Когда Ирина Лавровна ушла, спор продолжился.
– Я верю и верю всем своим существом: наступит день, и Россия в горести и стенании отвернётся от своих обольстителей, – говорил Миша. – Быть может, к этому часу она будет вся истерзанной, поруганной. Но это будет великий день воскресения духа! Россию охватит страшная скорбь и раскаяние. И все жертвы, приносимые теперь, станут для неё светлым лучом, за которым она потянется к вечному солнцу, к Источнику жизни и радости. И это произойдёт тем быстрее, чем явственнее зло будет лишь с одной стороны! Мы не должны умножать его! Не должны уподобляться врагам! Не должны мстить! Но принимать бич Божий со смирением… И молиться, чтобы Богородица заступилась за Россию! И она заступится!

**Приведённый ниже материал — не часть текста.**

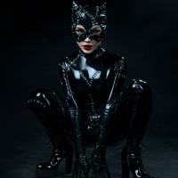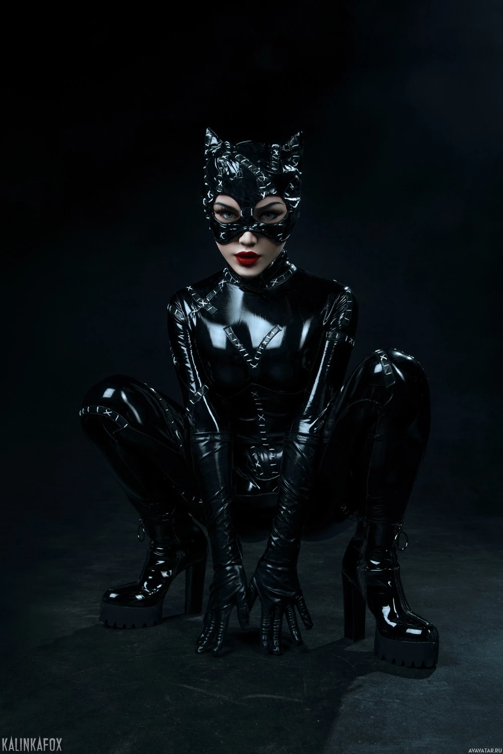 На картинке изображен человек, одетый в костюм женщины-кошки. Этот персонаж является частью франшизы о Бэтмене, его обычно изображают такие актрисы, как Джули Ньюмар или Мишель Пфайффер, в различных медийных адаптациях. Лицо человека, одетого в костюм, скрыто, и кажется, что он позирует в стилизованной манере, ассоциирующейся с образом персонажа комиксов.
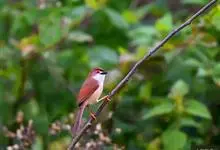 金眼鹛雀是莺科、鹛雀属小型鸟类。体长16-20厘米。头顶和上体棕褐色,两翅表面肉桂红色,尾褐色具明暗相间横斑。眼周金黄色,眼先、眼上、眼下、颊以及颏、喉和上胸概为白色,其余下体茶黄色,脚橙黄色。…全部>>
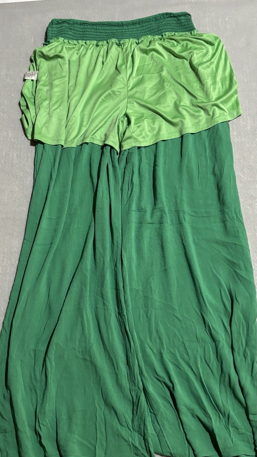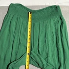 These HUDSON GRAY Pants in size XL are perfect for a woman looking for a festive and bohemian style. The green color, wide-leg design, and elastic waistband give a relaxed and comfortable feel. Made from 100% Rayon fabric, these palazzo pants are ideal for summer, spring, and fall occasions, such as travel, parties, or casual outings. The high-rise waist and flat front add a chic touch to this stylish and versatile piece from the brand Hudson Gray. AS IS, Gentle Wear - Measurements stretch and are apprx 32" Waist, and 33" Inseam Note: Tiny Staple hole near waist
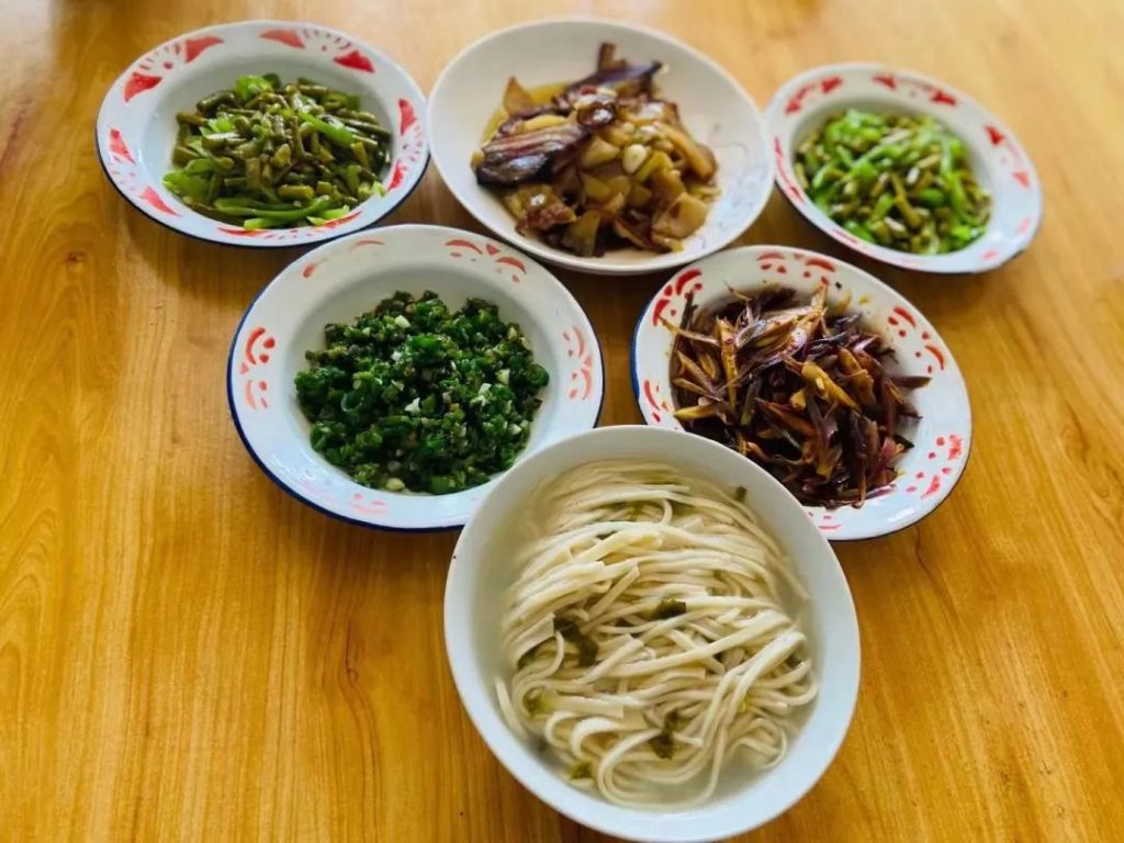 浆水面也是村里的特色美食。浆水倒没什么特别的,真正暗藏玄机的是用小麦面、荞麦面、玉米面和豆面等四五种杂粮做成的面条,兼顾口感和营养,讲究程度真让我这个自诩“好吃”的人汗颜。
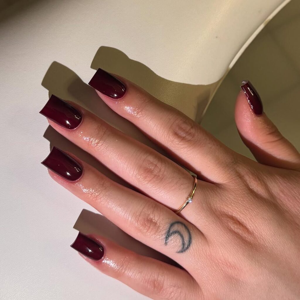 These glossy short square burgundy nails rely on solid color and shine alone. No patterns. No rhinestones. Just bold polish.
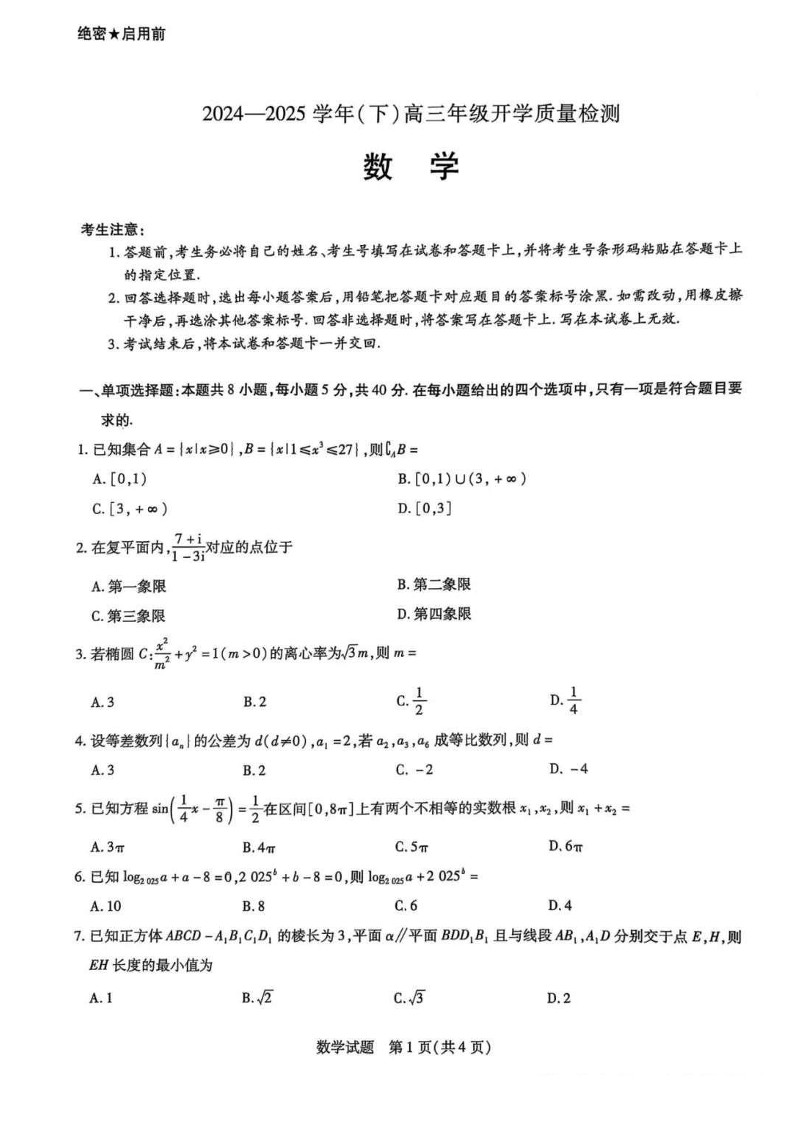 山东省“天一大联考·齐鲁名校教研共同体2025届高三年级开学质量检测数学答案
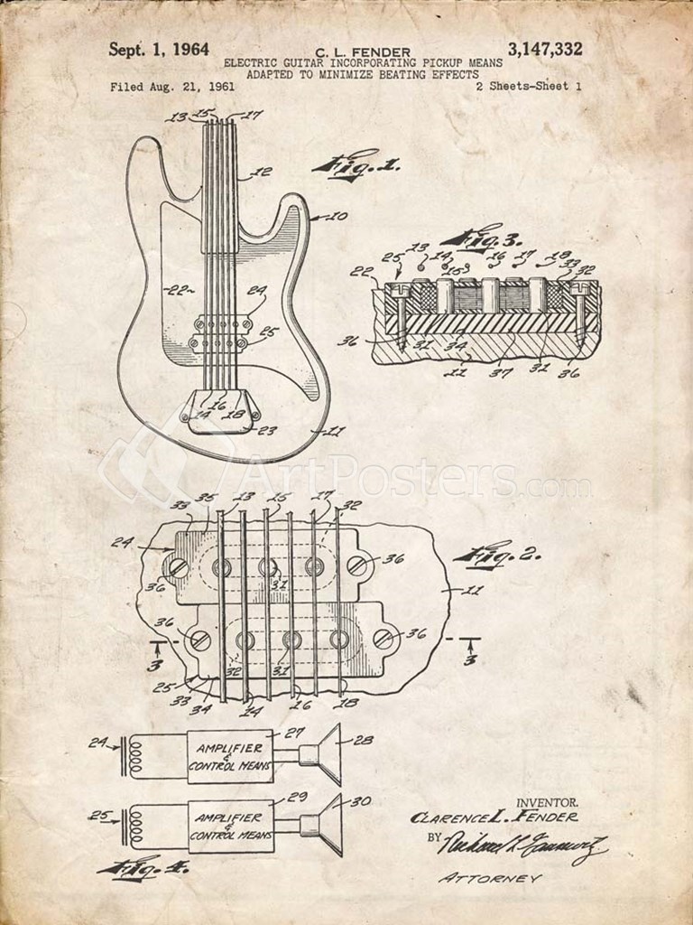 Title: Electric Guitar Patent - Vintage Parchment
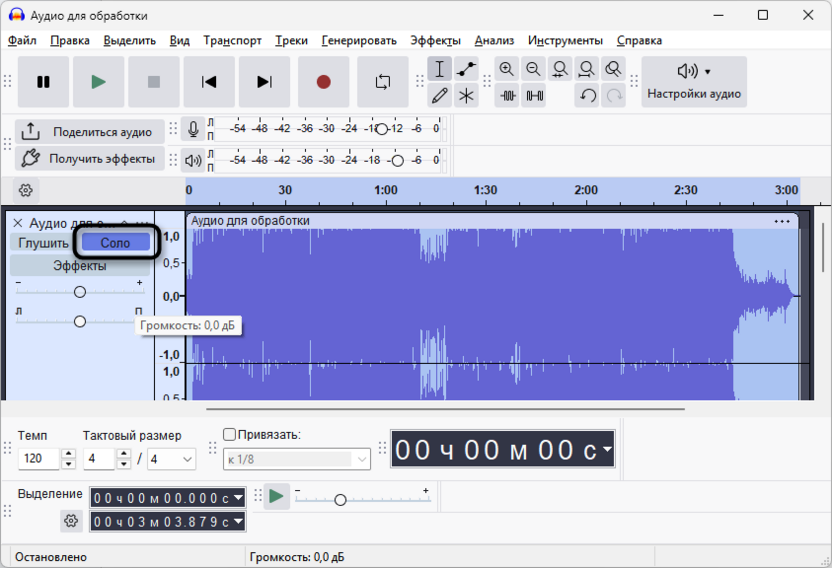 Нажмите кнопку «Соло» на той дорожке, которую хотите экспортировать, – остальные автоматически уйдут в режим глушения и не попадут в файл. Если нужно экспортировать несколько конкретных дорожек вместе, нажмите «Соло» на каждой из них: Audacity суммирует все активные треки при экспорте. Альтернативный способ – нажать «Глушить» на всех ненужных дорожках, оставив остальные активными.
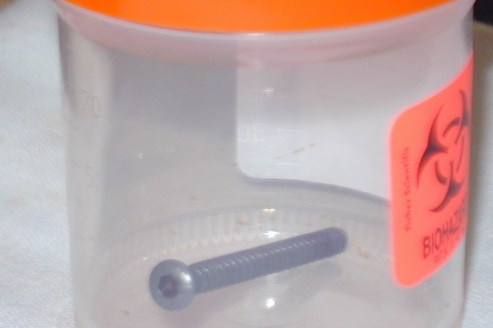 I hope you all have a nice Thanksgiving. Mine will be a little different this year. My ankle is healing well and there is no pain. A lot of time is devoted to it each day...three sessions of a series of exercises plus spending some of the day with my "ankle higher than my heart." I had to go back into surgery so that Dr. Rick could remove the 2-inch screw that was holding two bones together as the ligaments reattached. I have the screw (or someone is playing a joke on me)...

– Нет! – воскликнул Тягаев, чувствуя как клокочет всё внутри, как дрожит голос, как слёзы подкатывают к глазам. – Нет! Это всё иллюзии! Прекраснодушные надежды, которыми приятно себя тешить, с которыми легче жить! Богородица не заступится за нас! Потому что мы не заслужили Её заступничества! Не заслужили! Мы позволили врагам Бога и России бесчестить наши святыни! Мы оказались безвольны и растерянны, маловерны и, наконец, трусливы! Нам не хватило мужества защитить свою страну! И своего Царя! Мы позволили лишить себя всего! Чести! Родины! Государя! Мы сами отдали всё на поругание! И за это мы прокляты! – Пётр Сергеевич уже кричал, не слыша своего крика, не владея собой. – Прокляты! Оглашены! Бог отвернулся от нас! И молитв наших не слышит! И поделом! Наше место теперь в притворе, наше дело теперь отмаливать иудин грех, каяться и смывать позор кровью, своей и вражеской… Вы призываете к непротивлению? Ложь! Именно за него и достойны мы проклятия! За равнодушие! За расслабленность! И не отказом от борьбы мы можем и обязаны заслужить заступничество Богородицы! А борьбой! В смертельной схватке искупить грехи перед Богом и Отечеством! А иначе – конец! Конец! Не достойны мы ни жизни на этом свете, ни спасения на том! А достойны только презрения и анафемы! – полковник глухо застонал и закрыл лицо рукой.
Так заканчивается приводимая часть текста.